**Work instruction**
Transcribe the records below exactly, leaving out any pictures.

────────────────────

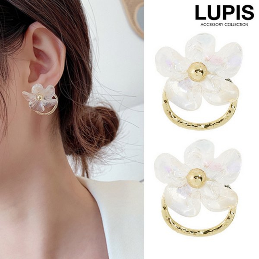クリアフラワー×オーバルバックキャッチピアス 【アクセサリー アクセ
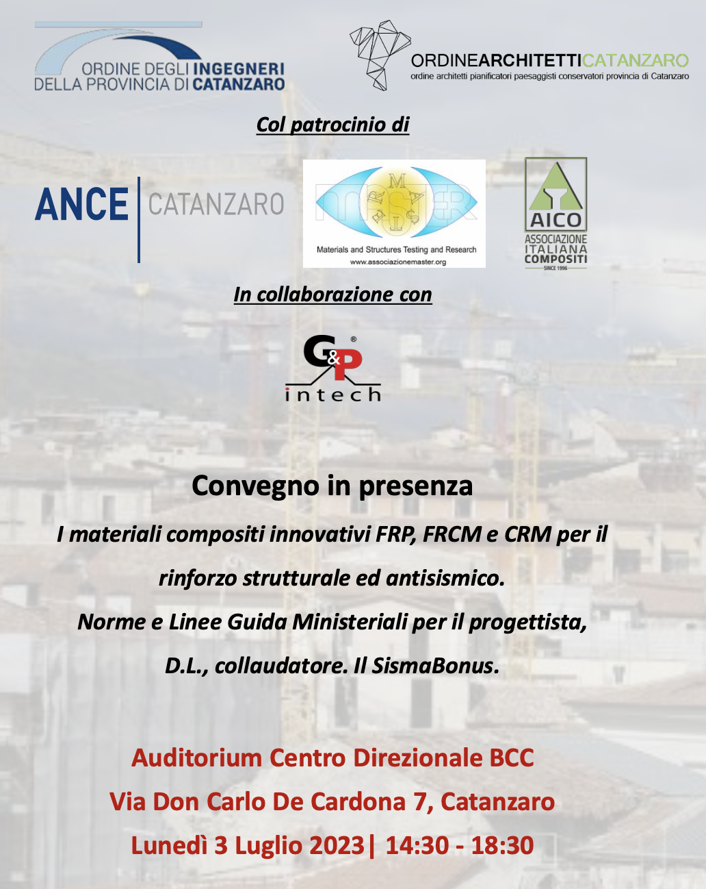 - L’Associazione Italiana dei compositi fibrosi per l'industria della costruzioni, denominata AICO, bandisce, per l’Anno Accademico 2022/2023, un concorso per l'attribuzione di n. 2 Premi di Laurea, di importo pari a Euro 1.000,00 lordi, intitolato “Premio di Laurea AICO”, per la migliore tesi di Laurea Magistrale sui temi dei materiali compositi nell’ingegneria civile, destinato a laureati che abbiano discusso la tesi nelle Università Italiane nell’Anno Accademico 2022-2023.
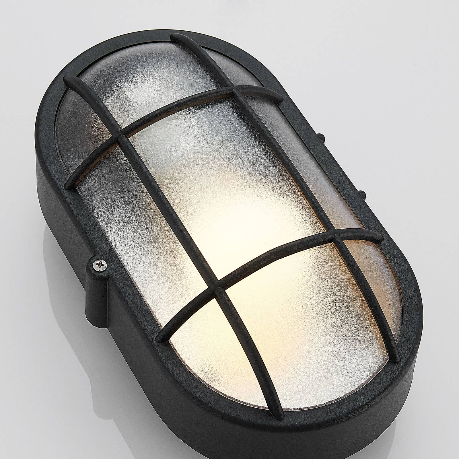 Applique da esterni Alisha di forma ellittica, con telaio nero e griglia, anticorrosione Alisha è un'applique da esterni costruita interamente in materiale plastico. La lampada è anticorrosione e particolarmente robusta, con una resistenza all'urto IK06. Il paralume è protetto da una griglia con finitura in neutro colore nero. Il paralume leggermente satinato ammorbidisce l'effetto della luce. Il funzionamento richiede una lampadina ad attacco E27, meglio se in efficiente tecnica LED. Una pratica lampada universale per esterni!
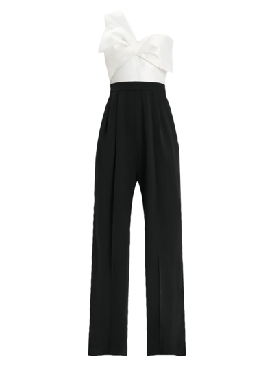 Zac Posen One shoulder Two tone Bow front Jumpsuit In Black White Very well made.
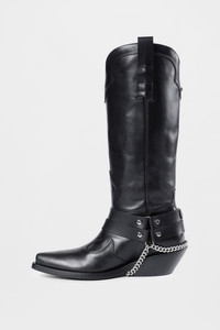 Finnbo Santiago Boots With Belts - Black - Cowhide Leather - Western-Inspired Silhouette - Multiple Buckled Straps - Under-Heel Metal Chain Detail - Pointed Toe - Side Zip Closure - Stacked Heel - Leather Sole - 100% Cow Leather - Made in Italy Ann Demeulemeester shoes embody the essence of luxury and comfort. The generously wide fit is a design choice aimed at ensuring a comfortable wear. For those who prefer a snugger fit, we recommend using an insole. Crafted from the highest quality leather, it is natural for the shoes to feel stiff initially. By wearing and walking in them, they will perfectly mold to the shape of your feet, offering unparalleled comfort. Care To maintain the beauty and integrity of your purchase, we recommend treating it with care. Simple maintenance practices, such as gentle washing and proper storage, can effectively preserve the longevity of your favorites. We encourage you to refer to the care instructions included with each item, designed to help you keep your purchase in top condition. Design Our dedication to excellence extends beyond materials; it encompasses the artistry and craftsmanship illustrated in every piece we create.
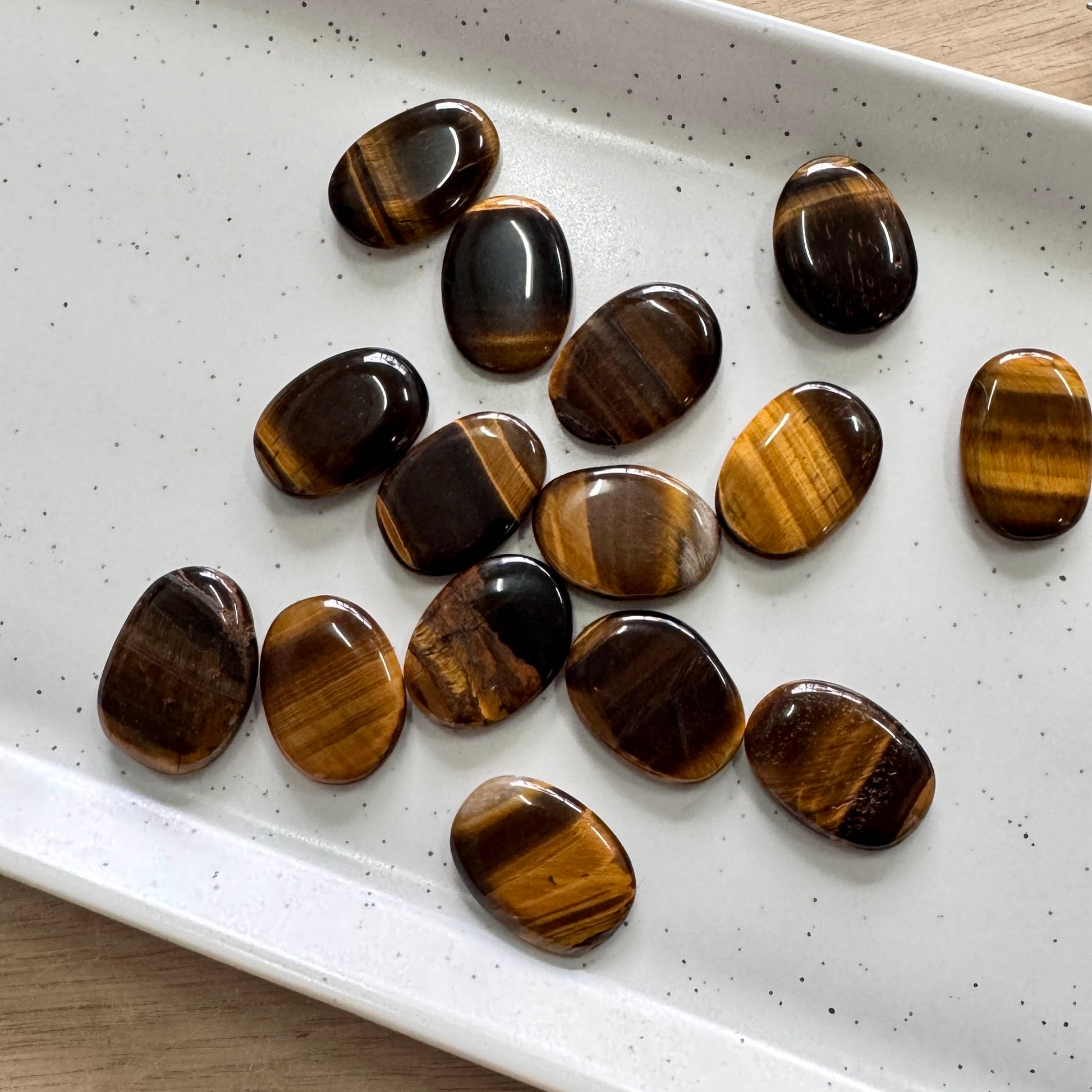 Tiger’s Eye gets you moving without spinning out. These golden-brown 3cm polished flat stones balance ambition with grounding, helping you stay clear, sharp, and steady in your direction.
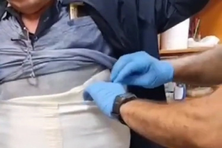 Gümrük memurlarının üst araması yapması sırasında, bel bölgesindeki iki elastik kemerin altında, yeşil çimen renginde kütleli üç şeffaf vakum torbasının gizlendiği tespit edildi.
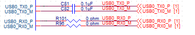 对交换还是极性交换? 由于 USB0_RX0_P/M 上已经有0.1uF 电容、请移除 R96和 R101。
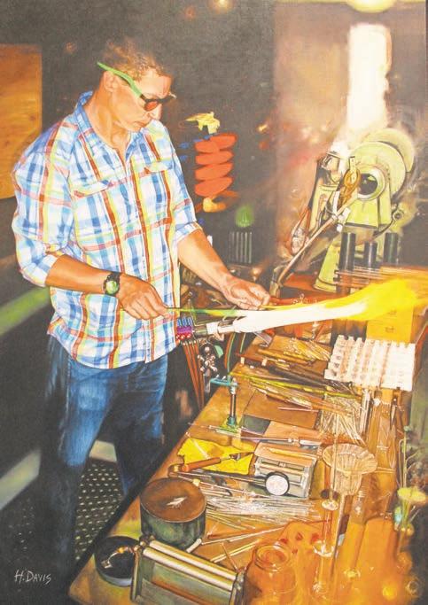 Jackson, at his easel, is surrounded by the toys and trinkets featured in his paintings, but the stuffed monkey hanging from his canvas is the perfect touch of whimsy, and very much in keeping with Jackson’s sense of humor. In her portrait of Justin Smith, a glass artist, the workbench is full of glass objects, and Davis paints each one vividly. It’s a task she could have simplified by simply not having so much going on in the foreground, but she set the bar high and succeeds admirably.

────────────────────

**Answer space**
クリアフラワー×オーバルバックキャッチピアス 【アクセサリー アクセ
 - L’Associazione Italiana dei compositi fibrosi per l'industria della costruzioni, denominata AICO, bandisce, per l’Anno Accademico 2022/2023, un concorso per l'attribuzione di n. 2 Premi di Laurea, di importo pari a Euro 1.000,00 lordi, intitolato “Premio di Laurea AICO”, per la migliore tesi di Laurea Magistrale sui temi dei materiali compositi nell’ingegneria civile, destinato a laureati che abbiano discusso la tesi nelle Università Italiane nell’Anno Accademico 2022-2023.
 Applique da esterni Alisha di forma ellittica, con telaio nero e griglia, anticorrosione Alisha è un'applique da esterni costruita interamente in materiale plastico. La lampada è anticorrosione e particolarmente robusta, con una resistenza all'urto IK06. Il paralume è protetto da una griglia con finitura in neutro colore nero. Il paralume leggermente satinato ammorbidisce l'effetto della luce. Il funzionamento richiede una lampadina ad attacco E27, meglio se in efficiente tecnica LED. Una pratica lampada universale per esterni!
 Zac Posen One shoulder Two tone Bow front Jumpsuit In Black White Very well made.
 Finnbo Santiago Boots With Belts - Black - Cowhide Leather - Western-Inspired Silhouette - Multiple Buckled Straps - Under-Heel Metal Chain Detail - Pointed Toe - Side Zip Closure - Stacked Heel - Leather Sole - 100% Cow Leather - Made in Italy Ann Demeulemeester shoes embody the essence of luxury and comfort. The generously wide fit is a design choice aimed at ensuring a comfortable wear. For those who prefer a snugger fit, we recommend using an insole. Crafted from the highest quality leather, it is natural for the shoes to feel stiff initially. By wearing and walking in them, they will perfectly mold to the shape of your feet, offering unparalleled comfort. Care To maintain the beauty and integrity of your purchase, we recommend treating it with care. Simple maintenance practices, such as gentle washing and proper storage, can effectively preserve the longevity of your favorites. We encourage you to refer to the care instructions included with each item, designed to help you keep your purchase in top condition. Design Our dedication to excellence extends beyond materials; it encompasses the artistry and craftsmanship illustrated in every piece we create.
 Tiger’s Eye gets you moving without spinning out. These golden-brown 3cm polished flat stones balance ambition with grounding, helping you stay clear, sharp, and steady in your direction.
 Gümrük memurlarının üst araması yapması sırasında, bel bölgesindeki iki elastik kemerin altında, yeşil çimen renginde kütleli üç şeffaf vakum torbasının gizlendiği tespit edildi.
 对交换还是极性交换? 由于 USB0_RX0_P/M 上已经有0.1uF 电容、请移除 R96和 R101。
 Jackson, at his easel, is surrounded by the toys and trinkets featured in his paintings, but the stuffed monkey hanging from his canvas is the perfect touch of whimsy, and very much in keeping with Jackson’s sense of humor. In her portrait of Justin Smith, a glass artist, the workbench is full of glass objects, and Davis paints each one vividly. It’s a task she could have simplified by simply not having so much going on in the foreground, but she set the bar high and succeeds admirably.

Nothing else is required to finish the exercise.